EXERCISE DETAILS
Your answer should be the exact lines of the data below from the one containing "BURGLARY BUNGLER: Clark" through the one containing "The chairman and"; please include nothing else.

DATA TO USE

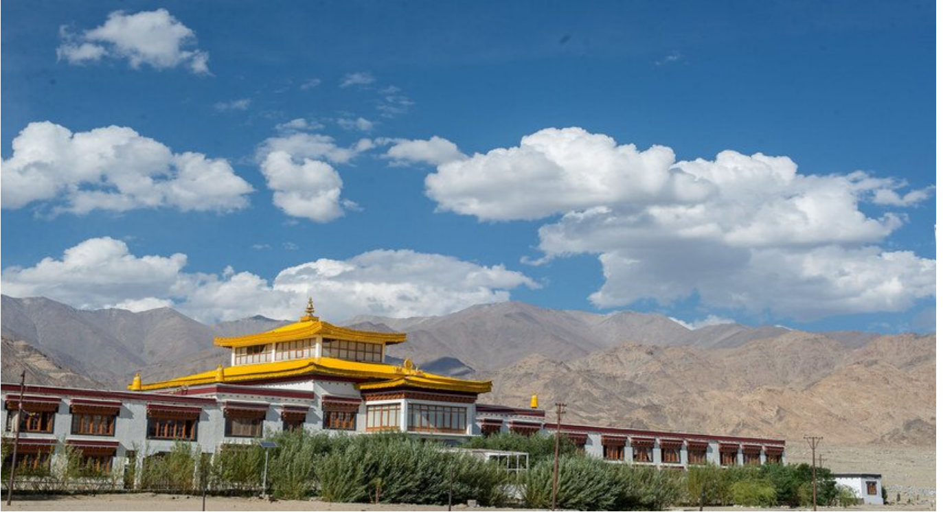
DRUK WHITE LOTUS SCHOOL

---

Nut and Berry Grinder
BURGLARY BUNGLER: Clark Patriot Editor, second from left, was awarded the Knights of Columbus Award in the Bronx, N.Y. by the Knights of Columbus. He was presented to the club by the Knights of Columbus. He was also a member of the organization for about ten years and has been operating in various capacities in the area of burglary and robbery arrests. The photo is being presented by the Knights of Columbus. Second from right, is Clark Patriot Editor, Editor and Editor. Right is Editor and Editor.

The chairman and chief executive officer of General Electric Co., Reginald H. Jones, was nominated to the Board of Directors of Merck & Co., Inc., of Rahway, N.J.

* * *

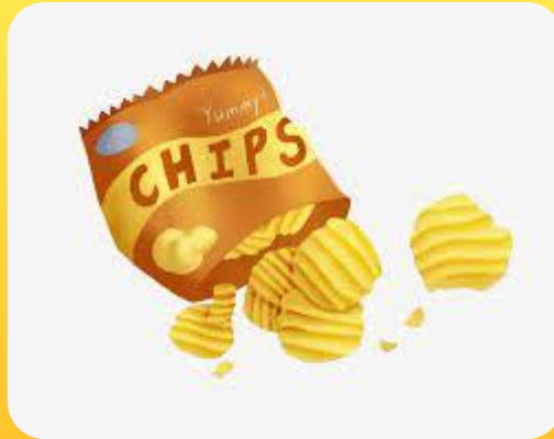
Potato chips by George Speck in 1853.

SOLUTION
BURGLARY BUNGLER: Clark Patriot Editor, second from left, was awarded the Knights of Columbus Award in the Bronx, N.Y. by the Knights of Columbus. He was presented to the club by the Knights of Columbus. He was also a member of the organization for about ten years and has been operating in various capacities in the area of burglary and robbery arrests. The photo is being presented by the Knights of Columbus. Second from right, is Clark Patriot Editor, Editor and Editor. Right is Editor and Editor.

The chairman and chief executive officer of General Electric Co., Reginald H. Jones, was nominated to the Board of Directors of Merck & Co., Inc., of Rahway, N.J.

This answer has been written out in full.